Giant aye-aye Temporal range: Holocene
- Conservation status: Extinct

Scientific classification
- Kingdom: Animalia
- Phylum: Chordata
- Class: Mammalia
- Infraclass: Placentalia
- Order: Primates
- Suborder: Strepsirrhini
- Family: Daubentoniidae
- Genus: Daubentonia
- Species: †D. robusta
- Binomial name: †Daubentonia robusta Lamberton, 1935

= Giant aye-aye =

- Authority: Lamberton, 1935
- Conservation status: EX

Extinct species of lemur

The giant aye-aye (Daubentonia robusta) is an extinct species of lemurs that is the only known relative of the extant aye-aye. Together, they are the only known species in the genus Daubentonia. Like all lemurs, it is endemic to the island of Madagascar. It is believed to have gone extinct less than 1,000 years ago. It is only known from its subfossil remains.

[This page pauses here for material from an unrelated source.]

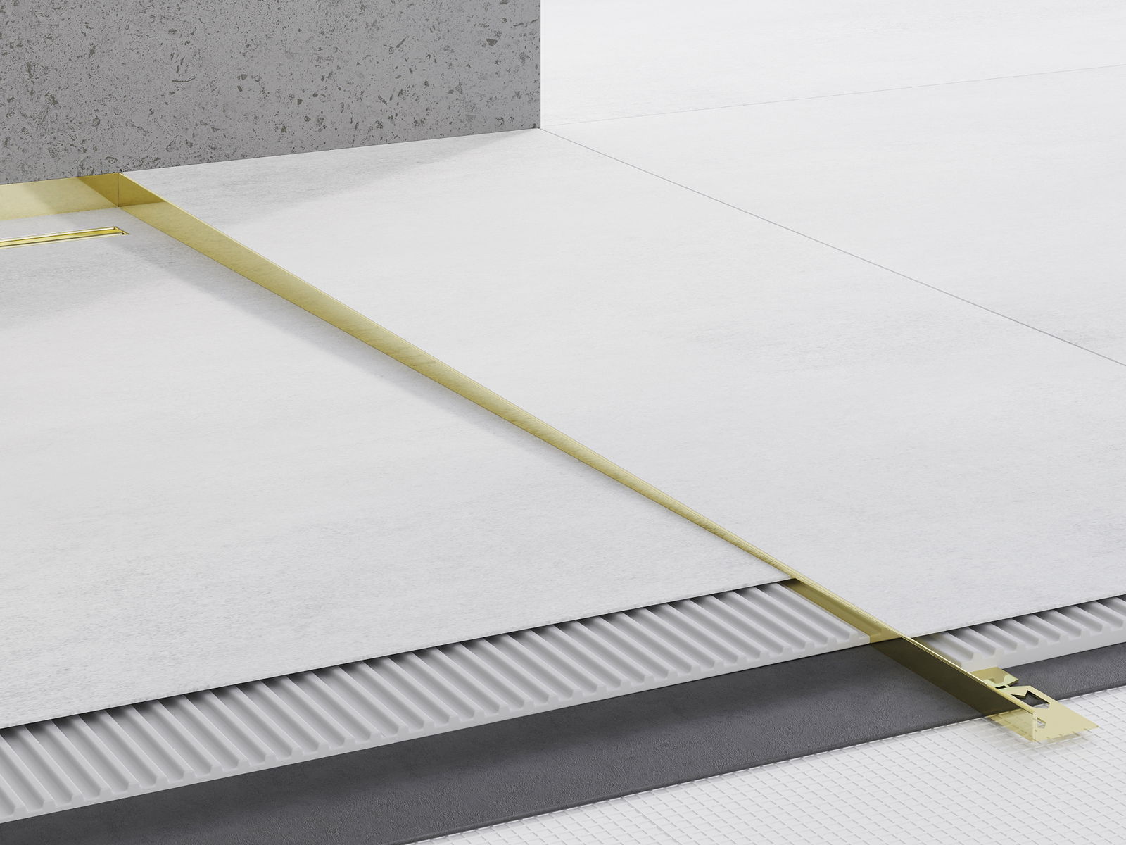 The sloped strip has a precisely set angle of inclination, which effectively directs water towards the drain, preventing it from accumulating on the floor surface. As a result, the water is effectively drained away, minimizing the risk of puddles and ensuring a dry and safe surface.

As of 2004, giant aye-aye remains consisted of four incisors, a tibia, and other postcranial material, though no skull of D. robusta has been found. Subfossil remains of this species have been found in the southern and southeastern portion of Madagascar, outside the range of extant aye-aye. This suggests that the two species diverge through allopatric speciation. Some incisors have been found with holes drilled in them that suggest they have been modified by humans, further implying that anthropogenic factors may have played a role in this species' extinction.

D. robusta is morphologically similar to the aye-aye, but has more robust limbs and differing limb proportions (notably a higher humerofemoral index and relatively shorter limbs compared to its body mass). Its postcrania indicate D. robusta exhibited certain features also found in its living congener, such as a large brachialis flange, allowing for a relatively massive brachioradialis muscle. While the giant aye-aye's forelimbs were much stronger than its hindlimbs, the femoral anatomy of D. robusta suggests that it may have been capable of some amount of leaping. Based on mandible, incisor, and limb measurements, D. robusta is believed to be 2.5 to 5 times larger than the extant aye-aye.

D. robusta shares multiple highly specialized appendicular and manual adaptations with its living congener, such as an elongated and thin digit III. D. robusta likely filled a similar ecological niche as the extant aye-aye, which consists of manually tap-foraging and gouging insects and insect larvae out of tree bark.